I'm pleased to announce the publication of Chercher La Femme, a new novel by L. Timmel Duchamp (i.e., me!), which is scheduled for official release on August 1, 2018. It is available for purchase in print and e-book formats through Aqueduct's website now.
Novels, of course, always have origin stories..Sometimes a word or phrase, sometimes a dream, sometimes even an image that however fleeting lingers long after it has been glimpsed. In this case, reading Stanislaus Lem's Solaris and watching Andrei Tarkovsky's exceedingly long film based on that novel planted the seed of this novel in my mind. Over the course of two years I drafted the original version in the early 1990s. I then set it aside. Some fifteen years later, Helen Merrick offered me a perceptive critique. Since I lacked the time to do anything with it then, I saved it for future consideration;.it proved tremendously helpful when I decided to read the manuscript during one of my Port Townsend writing retreats.
On a more personal note, because the novel is written from a non-dystopian perspective, a part of me worried loudly that it might seem out of step with 2018's horrendous fake reality, but in fact its perspective has proven to be helpful for my thinking, rather than evasive. In a sense, it's more fully grounded in 2018's reality than it was in 1993's, without being swallowed up by the social psychological pervasiveness that many of us are struggling to escape. Dare I say aloud that that in our hearts, many of us feel certain that the triumph of neoliberalism can only be a dead end for our species?
You can read a sample from the book.Or purchase it here: http://www.aqueductpress.com/books/978-1-61976-147-6.php.
Here's a brief description:
"Everything about the humanoids inhabiting the planet La Femme is beautiful and desirable. Even their names are a pleasure to the tongue, a pleasure that can be experienced only in meat space." —Paul 22423They named the planet "La Femme" and called it a paradise and refused to leave it. Now Julia 9561 is heading up the mission to retrieve the errant crew and establish meaningful Contact with the inhabitants. Are the inhabitants really all female, as the first crew claimed? Why don't the men want to return to Earth? What happened to the women on the crew? And why did Paul 22423 warn the First Council to send only male crew members?
"Speculative fiction at its purest."
—-Vonda N. McIntyre, author of Dreamsnake and The Moon and the Sun
"Chercher La Femme, which unfolds in a strange, complex, alien future, effectively explores several themes: of personal identity and how it holds itself together but is also porous to experience; of communication with alien life forms and how amorphous and challenging that might be; and of the visceral power of alien forms of beauty and art, giving the story compelling depths. The tense stretch between the Pax and the "Outsiders" offers an interesting representation of the real-world tension we now live with, between low-tech societies and those racing to colonize outer (and inner, personal) space in all sorts of ways.

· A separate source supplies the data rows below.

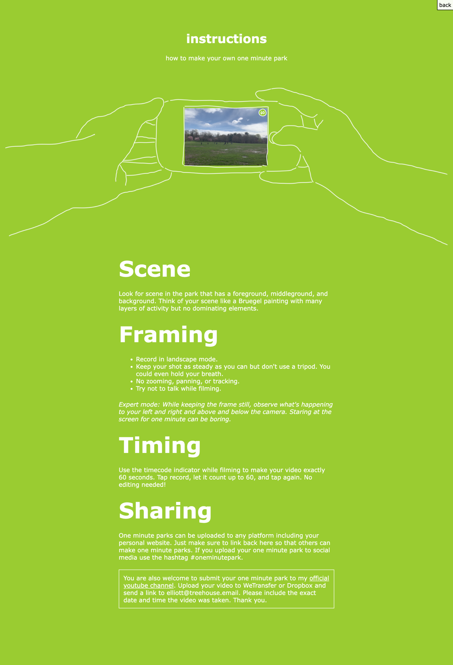 A practice of taking 1 minute still videos in parks.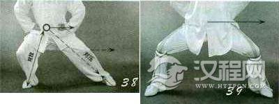 动作二:重心右移,“命门”逐渐与右脚底做弹性对压,蓄劲于右膝;同时左脚底与“命门”做反向对拉,膝弯屈,形成右压左拉的状态(图38)。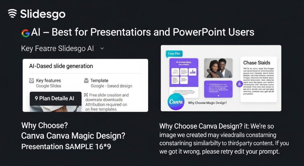 If your workflow already lives inside Google Slides or PowerPoint, Slidesgo AI fits naturally. You avoid learning a new platform while still getting AI assistance.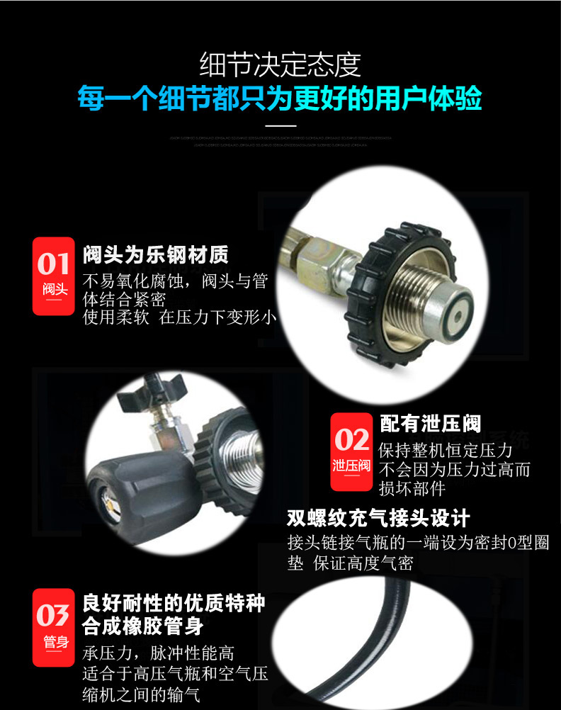 膠管承壓力高,脈沖性能優(yōu)越,非常適合作為高壓氣瓶和空氣壓縮機(jī)之間的輸氣通路使用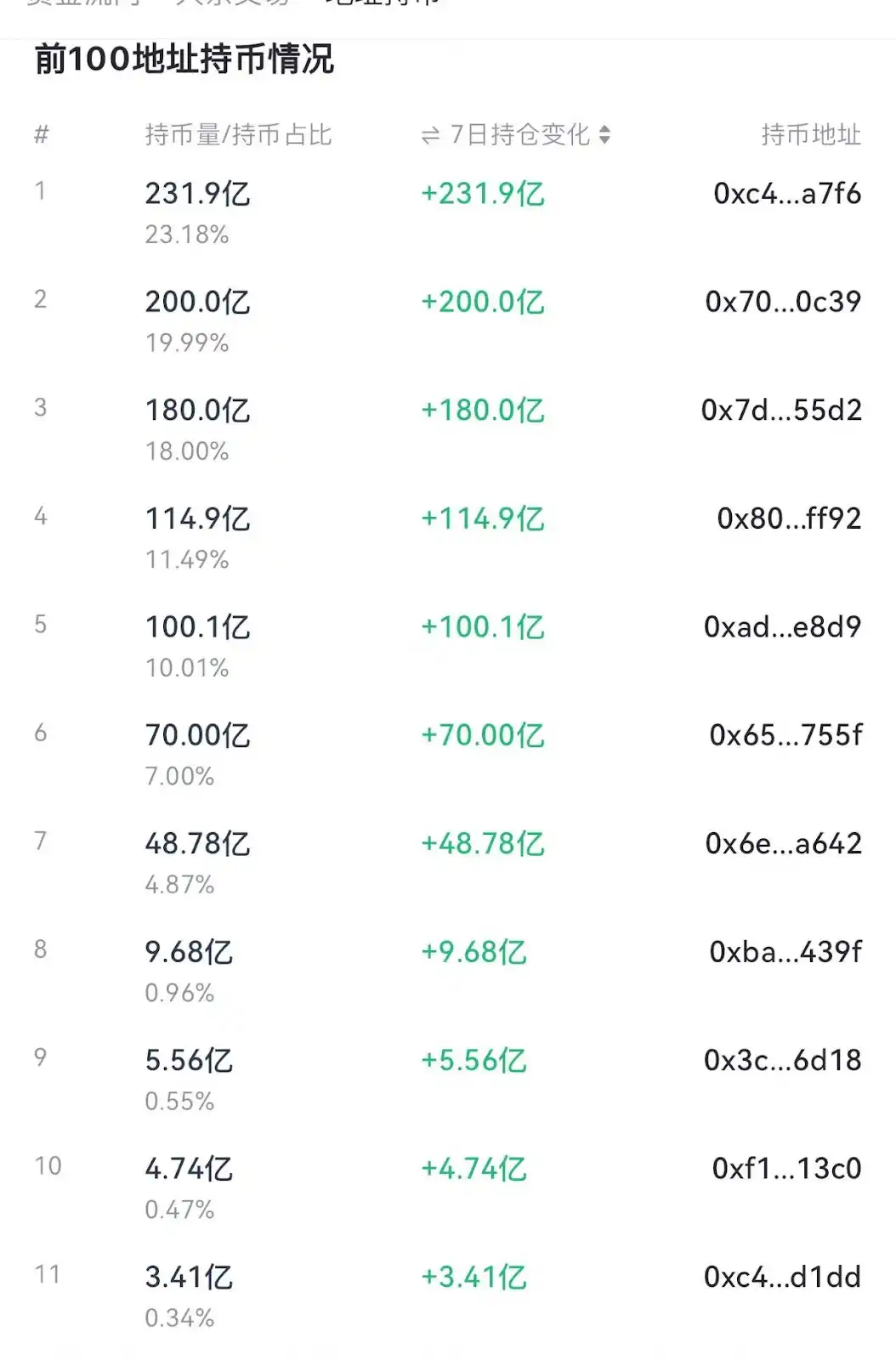 - 前 10 地址扣除掉交易所持有的**,总计 72%:妥妥的庄家控盘,价格涨跌全看大佬心情;

"There's some interesting tidal stirring going on at the more cerebral levels of modern SF, which I think began with books like A Voyage to Arcturus and Solaris. It's now manifesting itself in, for example, Jeff Vandermeer's Southern Reach books and in this book, Chercher La Femme, as well as in films like Arrival, They Remain, and of course Annihilation. Human bafflement and consternation characterize these stories, in the face of the most alien kind of alien-ness we can imagine at this point, and a necessary softening and yielding of our age-old infatuation with a propulsive, often violent drive to control (or kill) whatever is ineffable and strange to us.
—Suzy McKee Charnas, author of The Vampire Tapestry and the Holdfast Chronicles
And here's Publishers Weekly's review:
Aqueduct editor Duchamp's concentrated and demanding examination of what's accepted as "self" is cleverly and convincingly presented as a simple piece of science fiction. Diplomat Julia, a member of a socialistic human society known as the Pax, is the head of a mission to a far-off world, La Femme. The mission's primary purpose is recovery of the first ship sent to make contact with La Femme's inhabitants, though further diplomatic advancement is planned as well. Julia is distracted from the mission objectives by her deep analysis of her life thus far and the utopian ideal she lives by, particularly when she deals with her splintered crew. What she and her crew find upon arrival is enough to shake them all. Duchamp (Stretto) makes abundant challenges to gender norms and raises questions of what constitutes alienness, and the novel's humanistic approach and unwavering commitment to Julia's frank introspection go beautifully with a precisely detailed world. This thoughtful tale bears rereading and contemplation.